Jim Skinner · 2018/09/17 · 5 minute read

I have just submitted my thesis! In celebration, here’s a brief, hopefully interesting description of the application I was working on: disease diagnosis using artificial olfaction (smell).

It turns out that humans can, with training, diagnose disease using smell, and have been doing this for thousands of years. This was certainly done by Hippocrates around 400BC, who wrote in the book Aphorisms1 about using the smell of urine, and spit after being vaporised on hot coals, to inform diagnoses.

This is far from an isolated use of smell in medicine; for example, part of the process of diagnosing Bacterial Vaginosis2 involves “Release of a fishy odour on adding alkali (10% KOH)” to a swab. In fact, there are very many diseases associated with specific odours. Below I have reproduced a table compiled by Wilson and Baietto3 of published disease odour descriptions, with references dating mostly to the second half of the 19th century.

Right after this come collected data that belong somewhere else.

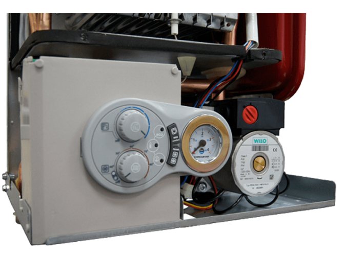 - L'échangeur de chaleur en cuivre est primaire. Acier - secondaire.
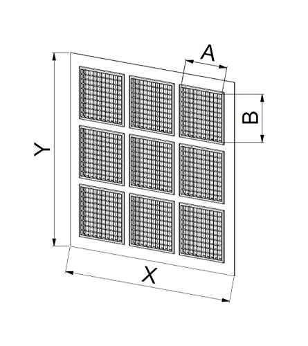 Dimensioni: A - 150 mm, B - 150 mm, X - 595 mm, Y - 595 mm.
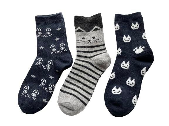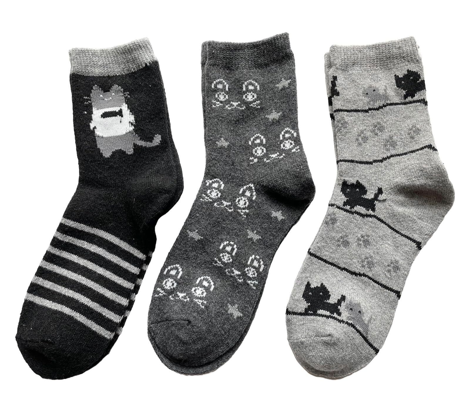 ソックス レディース あったか 3足 ねこ柄 靴下 レディース 厚手 冬 パイルソックス 毛混 防寒 靴下 3足セット(柄お任せ) G25
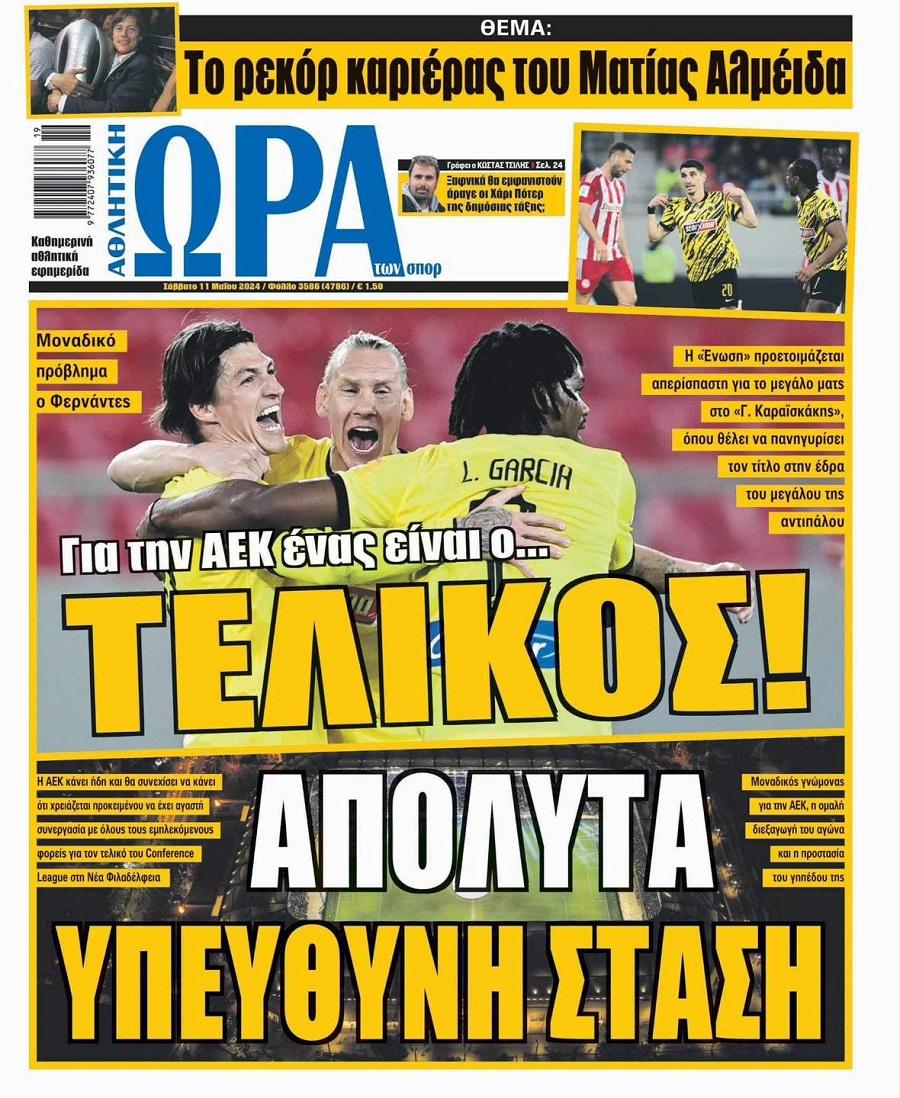Πρωτοσέλιδα αθλητικών εφημερίδων για το Σάββατο 10 Μαΐου 2024

Disease Body source Descriptive aroma
Acromegaly Body Strong, offensive
Anaerobic infection Skin, sweat Rotten apples
Azotemia (prerenal) Urine Concentrated urine odor
Bacterial proteolysis Skin Over-ripe Camembert
Bacterial vaginosis Vaginal discharge Amine-like
Bladder infection Urine Ammonia
Bromhidrosis Skin, nose Unpleasant
Darier’s disease Buttocks Rank, unpleasant odor
Diabetic ketoacidosis Breath Rotting apples, acetone
Congestive heart failure Heart (portcaval shunts) Dimethyl sulfide
Cystic fibrosis Infant stool Foul
Diabetes mellitus Breath Acetone-like
Diphtheria Sweat Sweet
Empyema (anaerobic) Breath Foul, putrid
Esophageal diverticulum Breath Feculent, foul
Fetor hepaticus Breath Newly-mown clover, sweet
Gout Skin Gouty odor
Hydradenitis suppurativa Apocrine sweat glands Bad body odor
Hyperhydrosis Body Unpleasant body odor
Hyperaminoaciduria (Oast-house Syndrome) Infant skin Dried malt or hops
Hypermethioninemia Infant breath Sweet, fruity, fishy, boiled cabbage, rancid butter
Intestinal obstruction Breath Feculent, foul
Intranasal foreign body Breath Foul, feculent
Isovaleric acidemia Skin, sweat, breath Sweaty feet, cheesy
Ketoacidosis (starvation) Breath Sweet, fruity, acetone-like
Liver failure Breath Musty fish, raw liver, feculent, mercaptans, dimethyl sulfide
Lung abscess Sputum, breath Foul, putrid, full
Maple syrup urine disease Sweat, urine, ear wax Maple syrup, burnt sugar
Phenylketonuria Infant skin Musty, horsey, mousy, sweet, urine
Pneumonia (necrotizing) Breath Putrid
Pseudomonas infection Skin, sweat Grape
Renal failure (chronic) Breath Stale urine
Rotavirus gastroenteritis Stool Full
Rubella Sweat Freshly plucked feathers
Schizophrenia Sweat Mildly acetic
Scrofula Body Stale beer
Scurvy Sweat Putrid
Shigellosis Stool Rancid
Smallpox Skin Pox stench
Squamous-cell carcinoma Skin Offensive odor
Sweaty feet syndrome Urine, sweat, breath Foul acetic
Trench mouth Breath Halitosis
Trimethylaminuria Skin, urine Fishy
Tuberculosis lymphadenitis Skin Stale beer
Tubular necrosis (acute) Urine Stale water
Typhoid Skin Freshly-baked brown bread
Uremia Breath Fishy, ammonia, urine-like
Vagabond’s disease Skin Unpleasant
Varicose ulcers (malignant) Leg Foul, unpleasant
Yellow fever Skin Butcher’s shop

Some of these have been given remarkably specific descriptions. We see Fetor hepaticus gives the breath an odour described as “sweet” and “newly-mown clover”, and Rubella causes sweat the smell of “freshly plucked feathers”. All this is quite entertaining, but there is a growing body of evidence that smell can provide a great deal of useful information on the disease state of the body. We are also beginning to understand WHY disease can cause bodily excretions to smell different, and it turns out to be a variety of different reasons, though most are to do with the production of odorous Volatile Organic Compounds (VOCs).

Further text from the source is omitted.